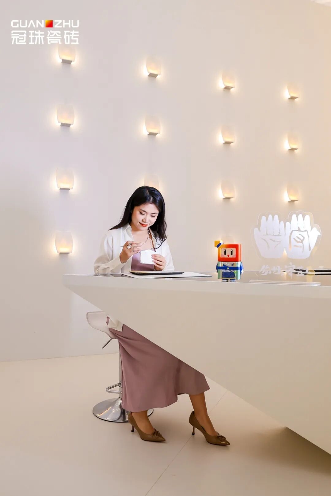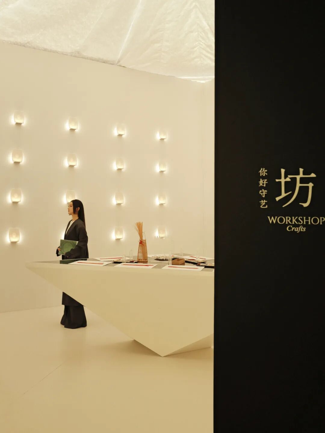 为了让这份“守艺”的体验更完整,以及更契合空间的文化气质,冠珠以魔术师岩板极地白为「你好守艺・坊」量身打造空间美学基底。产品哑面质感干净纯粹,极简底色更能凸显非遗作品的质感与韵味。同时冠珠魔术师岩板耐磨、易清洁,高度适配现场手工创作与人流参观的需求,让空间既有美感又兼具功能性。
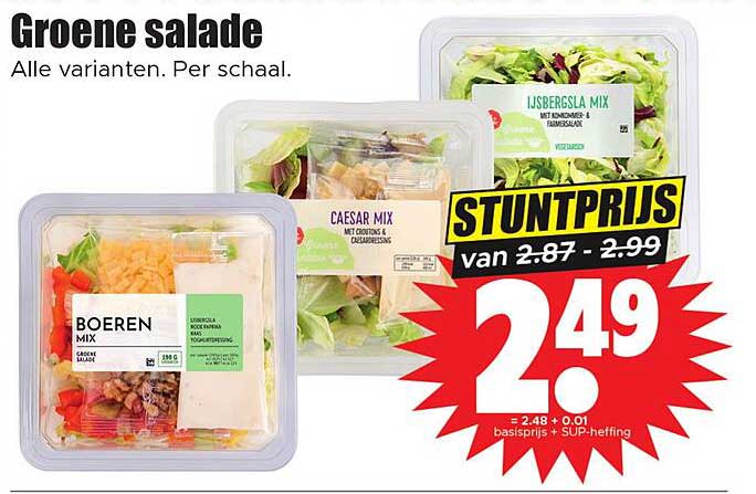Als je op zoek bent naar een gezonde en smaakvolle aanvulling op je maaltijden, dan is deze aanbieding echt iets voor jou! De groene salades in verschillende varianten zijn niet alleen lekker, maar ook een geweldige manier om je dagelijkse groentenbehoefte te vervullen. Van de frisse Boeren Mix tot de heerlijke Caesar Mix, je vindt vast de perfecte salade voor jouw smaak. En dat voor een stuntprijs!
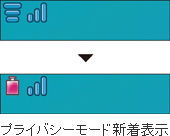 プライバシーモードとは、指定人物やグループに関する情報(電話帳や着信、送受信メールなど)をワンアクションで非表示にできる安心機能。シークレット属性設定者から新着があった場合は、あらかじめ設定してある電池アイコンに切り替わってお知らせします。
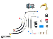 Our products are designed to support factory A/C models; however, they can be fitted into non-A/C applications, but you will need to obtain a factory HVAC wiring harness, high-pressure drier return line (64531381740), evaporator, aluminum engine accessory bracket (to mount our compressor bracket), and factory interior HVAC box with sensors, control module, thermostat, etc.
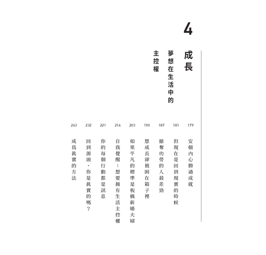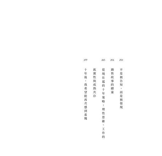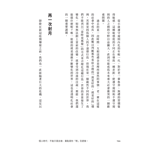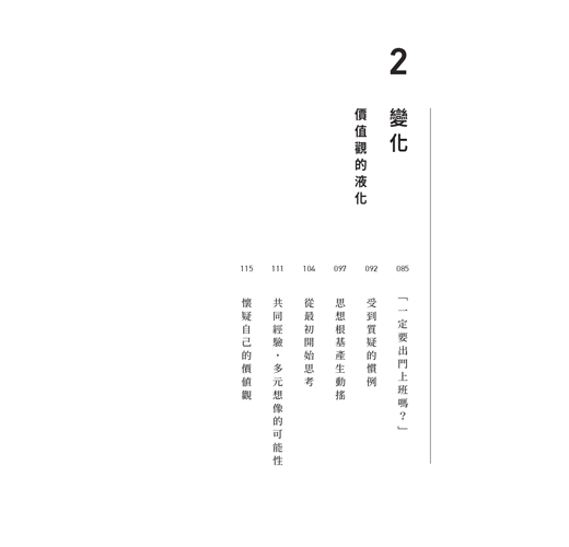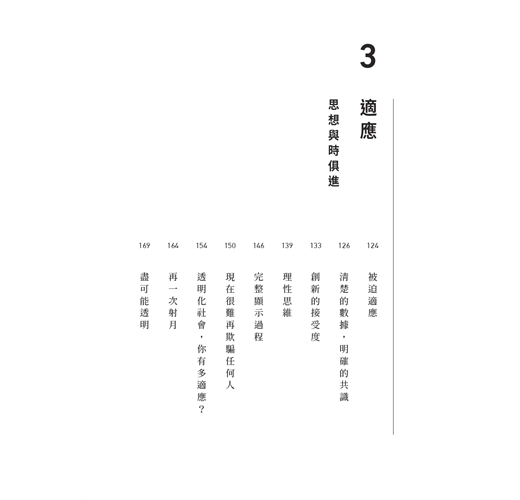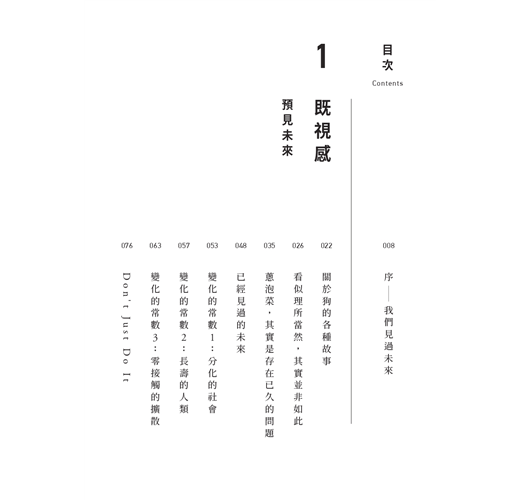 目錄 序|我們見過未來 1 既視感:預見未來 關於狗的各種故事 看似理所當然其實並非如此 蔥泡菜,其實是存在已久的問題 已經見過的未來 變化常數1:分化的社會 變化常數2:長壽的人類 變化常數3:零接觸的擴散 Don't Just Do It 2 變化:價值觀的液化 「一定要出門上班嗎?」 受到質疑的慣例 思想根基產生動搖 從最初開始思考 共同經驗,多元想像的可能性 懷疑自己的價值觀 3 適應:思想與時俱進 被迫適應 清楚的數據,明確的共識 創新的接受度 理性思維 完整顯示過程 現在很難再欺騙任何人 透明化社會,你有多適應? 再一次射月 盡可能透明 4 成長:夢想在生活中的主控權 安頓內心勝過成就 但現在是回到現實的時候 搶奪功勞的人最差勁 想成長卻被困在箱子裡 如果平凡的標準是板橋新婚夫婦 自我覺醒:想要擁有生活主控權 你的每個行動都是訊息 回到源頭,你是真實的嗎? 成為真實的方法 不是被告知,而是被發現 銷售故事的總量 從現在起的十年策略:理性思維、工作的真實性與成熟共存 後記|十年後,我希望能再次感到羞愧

* WHAT YOU HAVE TO DO:
Reproduce all lines above exactly. Leave the images out.

* SOLVED EXERCISE:
 为了让这份“守艺”的体验更完整,以及更契合空间的文化气质,冠珠以魔术师岩板极地白为「你好守艺・坊」量身打造空间美学基底。产品哑面质感干净纯粹,极简底色更能凸显非遗作品的质感与韵味。同时冠珠魔术师岩板耐磨、易清洁,高度适配现场手工创作与人流参观的需求,让空间既有美感又兼具功能性。
Als je op zoek bent naar een gezonde en smaakvolle aanvulling op je maaltijden, dan is deze aanbieding echt iets voor jou! De groene salades in verschillende varianten zijn niet alleen lekker, maar ook een geweldige manier om je dagelijkse groentenbehoefte te vervullen. Van de frisse Boeren Mix tot de heerlijke Caesar Mix, je vindt vast de perfecte salade voor jouw smaak. En dat voor een stuntprijs!
 プライバシーモードとは、指定人物やグループに関する情報(電話帳や着信、送受信メールなど)をワンアクションで非表示にできる安心機能。シークレット属性設定者から新着があった場合は、あらかじめ設定してある電池アイコンに切り替わってお知らせします。
 Our products are designed to support factory A/C models; however, they can be fitted into non-A/C applications, but you will need to obtain a factory HVAC wiring harness, high-pressure drier return line (64531381740), evaporator, aluminum engine accessory bracket (to mount our compressor bracket), and factory interior HVAC box with sensors, control module, thermostat, etc.
 目錄 序|我們見過未來 1 既視感:預見未來 關於狗的各種故事 看似理所當然其實並非如此 蔥泡菜,其實是存在已久的問題 已經見過的未來 變化常數1:分化的社會 變化常數2:長壽的人類 變化常數3:零接觸的擴散 Don't Just Do It 2 變化:價值觀的液化 「一定要出門上班嗎?」 受到質疑的慣例 思想根基產生動搖 從最初開始思考 共同經驗,多元想像的可能性 懷疑自己的價值觀 3 適應:思想與時俱進 被迫適應 清楚的數據,明確的共識 創新的接受度 理性思維 完整顯示過程 現在很難再欺騙任何人 透明化社會,你有多適應? 再一次射月 盡可能透明 4 成長:夢想在生活中的主控權 安頓內心勝過成就 但現在是回到現實的時候 搶奪功勞的人最差勁 想成長卻被困在箱子裡 如果平凡的標準是板橋新婚夫婦 自我覺醒:想要擁有生活主控權 你的每個行動都是訊息 回到源頭,你是真實的嗎? 成為真實的方法 不是被告知,而是被發現 銷售故事的總量 從現在起的十年策略:理性思維、工作的真實性與成熟共存 後記|十年後,我希望能再次感到羞愧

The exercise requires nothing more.